Despite the Constitution guaranteeing and legally assuring its citizens with equality, Caste-based discrimination continues to be a societal reality and educational institutions are not immune to it. Right from Rohit Vemula to the recent suicide of Darshan Solanki, several incidents of students committing suicide have been linked to caste discrimination and abuse over the years. Alarmingly, it has been noted that most of the suicides of Dalit and Adivasi students took place in India’s most reputed educational institutions such as the IITs and several other central universities. Despite reservations being a boon for those belonging to lower castes, reports have indicated that educational institutions are dominated by those belonging to higher caste both the teachers and the students where students belonging to marginalised communities often being discriminated.

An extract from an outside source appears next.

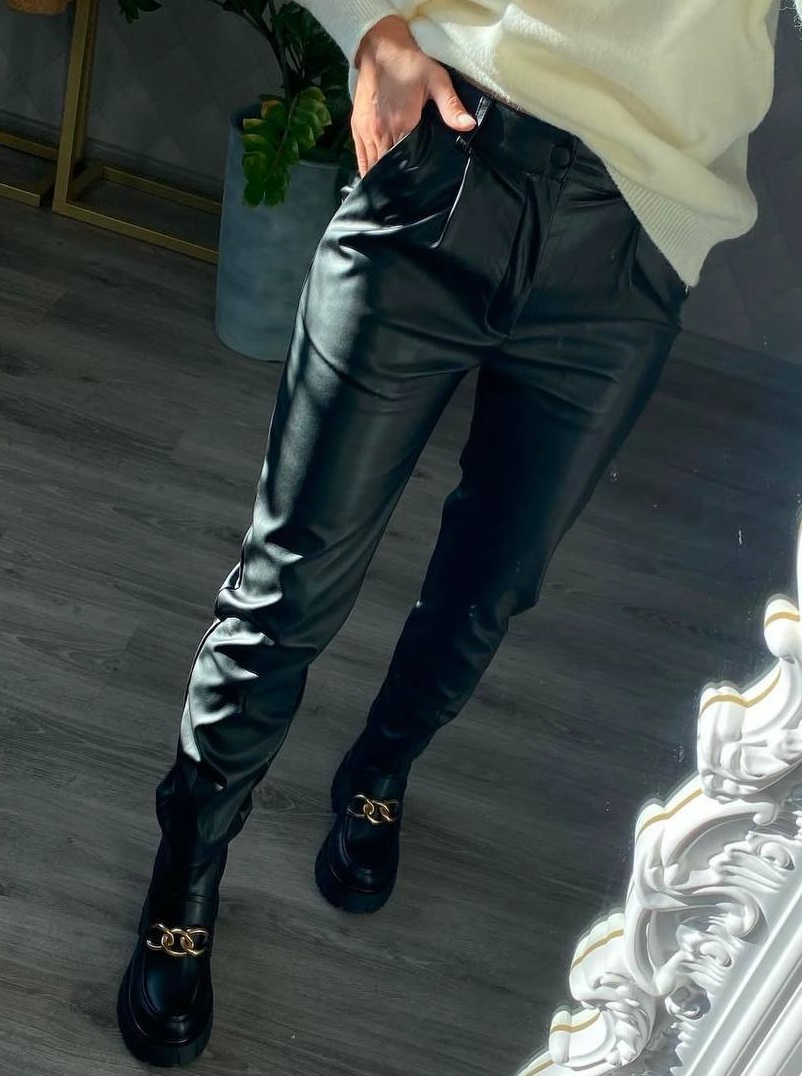 - Класичні брюки з матової еко-шкіри

After centuries of suppression, Education can be considered the only way of upliftment for those belonging to the marginalised communities allowing them to gain empowerment, social and economic mobility, and societal transformation. And the university spaces don’t seem safe for them because of the poor treatment they receive from their peers and others on the campus. In premier institutes like IITs and premier medical institutions where the scores of the entrance exams matter, when a student belonging to marginalised community enters such an institute they are soon dismissed as a “quota student”, often labeled as a student who does not deserve to be studying there and further alienating them.
Most of the suicides that took place had been dismissed as personal acts of desperation on the part of the students and their inability to deal with advanced education. It must be considered that out of all the student suicides that took place in India’s premier institutions, most of the students belong to the Dalit and Adivasi communities which shows a pattern that needs to be questioned as said by Sukhadeo Thorat one of the most senior educationalists in the country. It must be seen that not all suicides cannot be regarded as a result of personal frustration at least not those suicides of Dalit and Adivasi students, it is crucial to analyse if these suicides are linked to the power structure of higher educational institutions and the inclusion of Dalit students into it.
Dalit and Adivasi students have primarily joined the system through representational mechanisms such as reservations. However, this is regarded as an ‘excessive’ and threatening’ presence in the system. When the system has been destabilised or questioned to a slight degree (only) by the deaths of Dalit students, it instantly had attempted to maintain its status quo, frequently by compensating measures or by outrightly rejecting the claims of caste discrimination. Temporary compensations and other welfare measures would temporarily pacify the tensions absolving the institutions of the crime of inciting students to commit suicide.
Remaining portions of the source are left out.